The Future of Data Engineering

November 6, 2021
The Future of Data Engineering

As the world digs itself out of the blizzard of changes brought on by the COVID-19 pandemic, data engineering is emerging as an ever more critical component of the corporate and IT infrastructure. However, the industry is undergoing a shift, and the pandemic accelerated processes that were already developing. The prognosis for data engineers is bright, but viewing five years out, the discipline might look quite different. At Proxet, where assisting companies with digital transformation and AI/ML projects is our everyday life, being part of that change is exciting, and it leaves us asking, “What’s next?”.

In broad terms, the digital engineering services market is expected to grow strongly over the next five years. Research and Markets predicted in July 2021 that the data engineering services market is expected to grow at a CAGR of 16.3% over 2021-2026. And that’s not including parts of IT departments that are overhauled as companies digitize and automate.

Moreover, the World Economic Forum stated in its Future of Jobs 2020 report that 94% of employers expected to see the increased digitization of jobs, and that half expected the further automation of jobs. Both trends point to the increased generation and use of data. And to do that, data engineers will be needed.

The Rise of Data Engineering

Contemporary data engineering can trace itself back to the rise of non-relational data bases and big data in the early 2000’s. The beginnings of today’s data engineer stack really came into play with the publication of the Google File System paper in 2003, which paved the way for both Google MapReduce and Hadoop. Hadoop and MapReduce were essential data engineering tools  for over a decade, though by August 2019, Cloudera VP for Solutions Engineering Tom McCuch was openly responding to then-recent questions on LinkedIn regarding whether Hadoop was still relevant.

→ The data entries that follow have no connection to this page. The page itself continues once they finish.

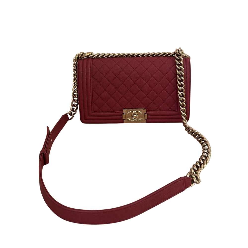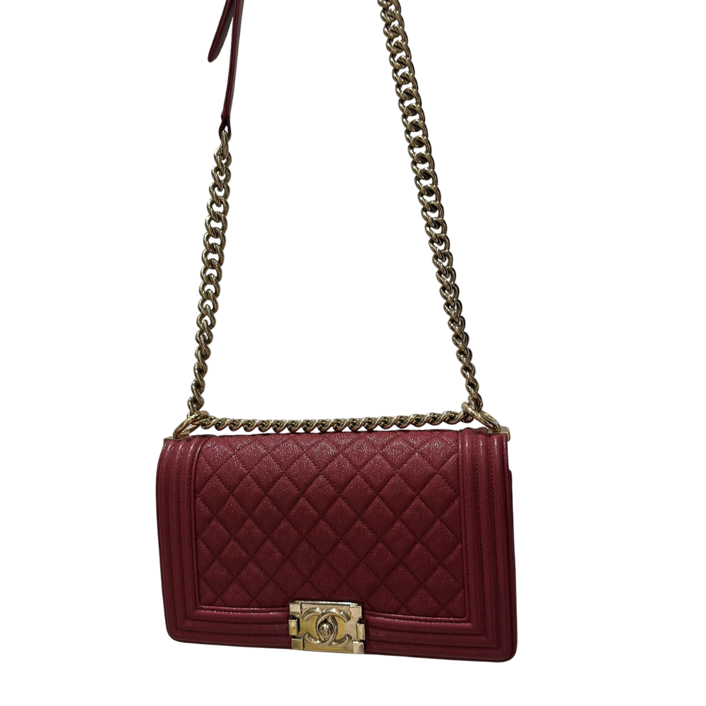 chanel Boy Medium red Crossbody Bag in Caviar Leather Gold hardware
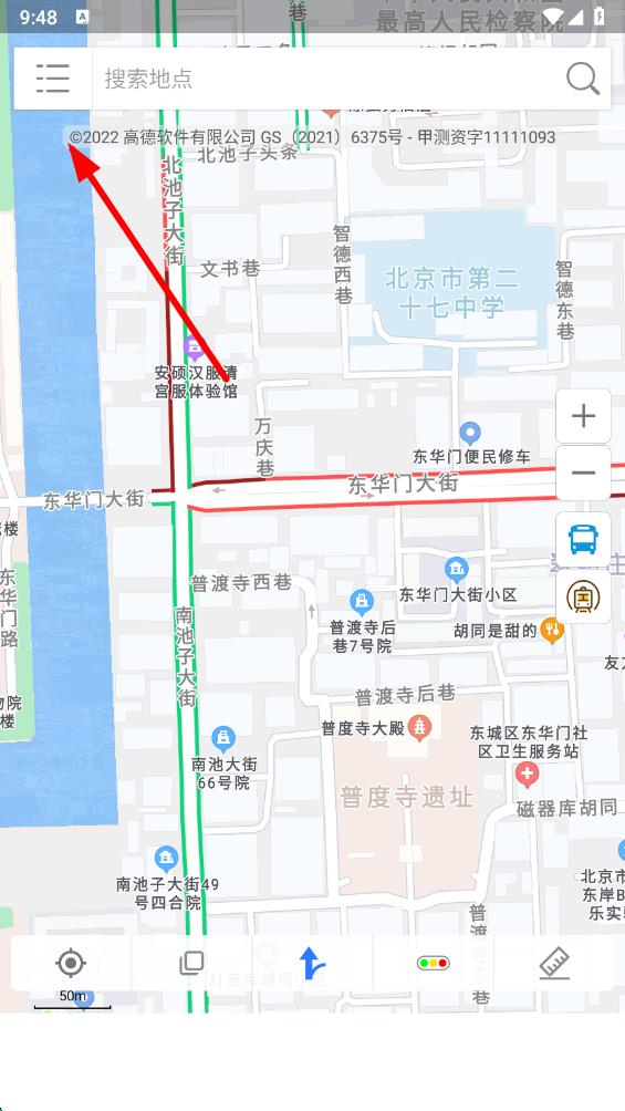 1、打開北斗衛(wèi)星地圖導(dǎo)航應(yīng)用,在主界面點(diǎn)擊左上角的三橫線菜單按鈕,打開側(cè)邊菜單欄。
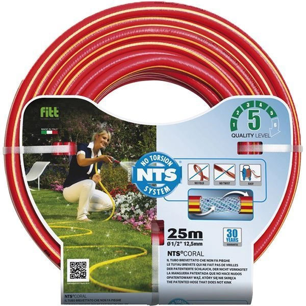 Армированный шланг для полива Coral изготовлен из 5 слоев, что дает шлангу особую прочность и надежность. Шланг идеально подходит для огородно-садовых работ. Уникальный внешний вид - красный внешний слой с яркими полосками. Устойчив к появлению водорослей. Не боится изгибов и перекручивания. Диаметр: 3/4 дюйма. Длина: 50 м.
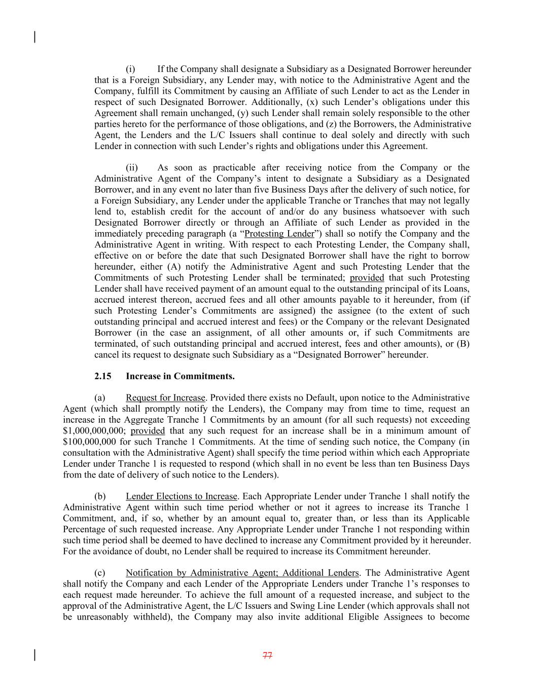 (i) If the Company shall designate a Subsidiary as a Designated Borrower hereunder that is a Foreign Subsidiary, any Lender may, with notice to the Administrative Agent and the Company, fulfill its Commitment by causing an Affiliate of such Lender to act as the Lender in respect of such Designated Borrower. Additionally, (x) such Lender’s obligations under this Agreement shall remain unchanged, (y) such Lender shall remain solely responsible to the other parties hereto for the performance of those obligations, and (z) the Borrowers, the Administrative Agent, the Lenders and the L/C Issuers shall continue to deal solely and directly with such Lender in connection with such Lender’s rights and obligations under this Agreement. (ii) As soon as practicable after receiving notice from the Company or the Administrative Agent of the Company’s intent to designate a Subsidiary as a Designated Borrower, and in any event no later than five Business Days after the delivery of such notice, for a Foreign Subsidiary, any Lender under the applicable Tranche or Tranches that may not legally lend to, establish credit for the account of and/or do any business whatsoever with such Designated Borrower directly or through an Affiliate of such Lender as provided in the immediately preceding paragraph (a “Protesting Lender”) shall so notify the Company and the Administrative Agent in writing. With respect to each Protesting Lender, the Company shall, effective on or before the date that such Designated Borrower shall have the right to borrow hereunder, either (A) notify the Administrative Agent and such Protesting Lender that the Commitments of such Protesting Lender shall be terminated; provided that such Protesting Lender shall have received payment of an amount equal to the outstanding principal of its Loans, accrued interest thereon, accrued fees and all other amounts payable to it hereunder, from (if such Protesting Lender’s Commitments are assigned) the assignee (to the extent of such outstanding principal and accrued interest and fees) or the Company or the relevant Designated Borrower (in the case an assignment, of all other amounts or, if such Commitments are terminated, of such outstanding principal and accrued interest, fees and other amounts), or (B) cancel its request to designate such Subsidiary as a “Designated Borrower” hereunder. 2.15 Increase in Commitments. (a) Request for Increase. Provided there exists no Default, upon notice to the Administrative Agent (which shall promptly notify the Lenders), the Company may from time to time, request an increase in the Aggregate Tranche 1 Commitments by an amount (for all such requests) not exceeding $1,000,000,000; provided that any such request for an increase shall be in a minimum amount of $100,000,000 for such Tranche 1 Commitments. At the time of sending such notice, the Company (in consultation with the Administrative Agent) shall specify the time period within which each Appropriate Lender under Tranche 1 is requested to respond (which shall in no event be less than ten Business Days from the date of delivery of such notice to the Lenders). (b) Lender Elections to Increase. Each Appropriate Lender under Tranche 1 shall notify the Administrative Agent within such time period whether or not it agrees to increase its Tranche 1 Commitment, and, if so, whether by an amount equal to, greater than, or less than its Applicable Percentage of such requested increase. Any Appropriate Lender under Tranche 1 not responding within such time period shall be deemed to have declined to increase any Commitment provided by it hereunder. For the avoidance of doubt, no Lender shall be required to increase its Commitment hereunder. (c) Notification by Administrative Agent; Additional Lenders. The Administrative Agent shall notify the Company and each Lender of the Appropriate Lenders under Tranche 1’s responses to each request made hereunder. To achieve the full amount of a requested increase, and subject to the approval of the Administrative Agent, the L/C Issuers and Swing Line Lender (which approvals shall not be unreasonably withheld), the Company may also invite additional Eligible Assignees to become 77

The next big change to the data engineering pipeline came a few months later with the rise of the COVID-19 pandemic. Though jarring, the pandemic wasn’t a black swan; a pandemic of some sort had been expected by governments for years. But big data was to play an outsized role in understand both the plague and the humans carrying it, and data engineering best practices also took on a new meaning. Data became politicized, as in the case of Florida data scientist Rebekah Jones, who holds that she was fired by the State of Florida for refusing to manipulate Florida’s coronavirus statistics on politicians’ request.

Within data engineering, however, discoveries of a different kind were being uncovered. Gartner wrote in its Gartner Top 10 Data Trends for 2021 article that the pandemic forced organizations to reassess their data and data analysis framework. And when it came to their models and historical data, everything was out of date. The ramifications were not lost on data scientists and engineers.

“It’s hard to get good data about the future, so we have to use data from the past. And if the past is no longer a guide to the future, we’re going to have a tough time doing any sort of predictive analytics.”

Thomas Davenport, PhDFellow at the MIT Initiative on the Digital Economy

Instead of “big data”, Gartner sees future data engineering best practices as falling away from big data into small and wide data, and calls it one of its top data and analytics trends for 2021.

The Latest in Data Engineering

Gartner’s top-10 trends match what other industry observers see as the future of data engineering, as a whole, though many would hold that big data is here to stay. These trends fall under three broad categories, namely accelerating change, operationalizing business value, and distributed everything.

Underneath these trends, though, is the constant effort to find a compromise between data warehouse-centric and enterprise-centric models of data handling. The unsung hero of data engineering, then, is the data infrastructure engineer who balances the need to protect environments such as data lakes, while ensuring that seemingly ever-more data-hungry workers stay fed. As individual data pools become smaller and even more diverse, creating the right data engineering process has become ever more important.

Data Engineering Trends 2021

Gartner’s Top-10 Data and Analytics Trends in 2021 is just one look at the trends.

  • Smarter, responsible, scalable AI
  • Composable data and analytics
  • Data fabric is the foundation
  • From Big to Small and Wide Data
  • XOps
  • Engineering Decision Intelligence
  • D&A as a core business function
  • Graph relates everything
  • The rise of the augmented consumer
  • D&A at the Edge

Mihail Eric’s January 2021 post “We need Data Engineers, not Data Scientists” pointed to the other main issue of data engineering in 2021: what about the practitioners? The post, which gained over 75,000 views on Hacker News, made the point that there were 70% more open jobs in data for data engineers than for data scientists. This is despite, or perhaps because of, the prominence of the data scientist position in the public eye after the Harvard Business Review dubbed it in 2012, “The Sexiest Job of the 21st Century”.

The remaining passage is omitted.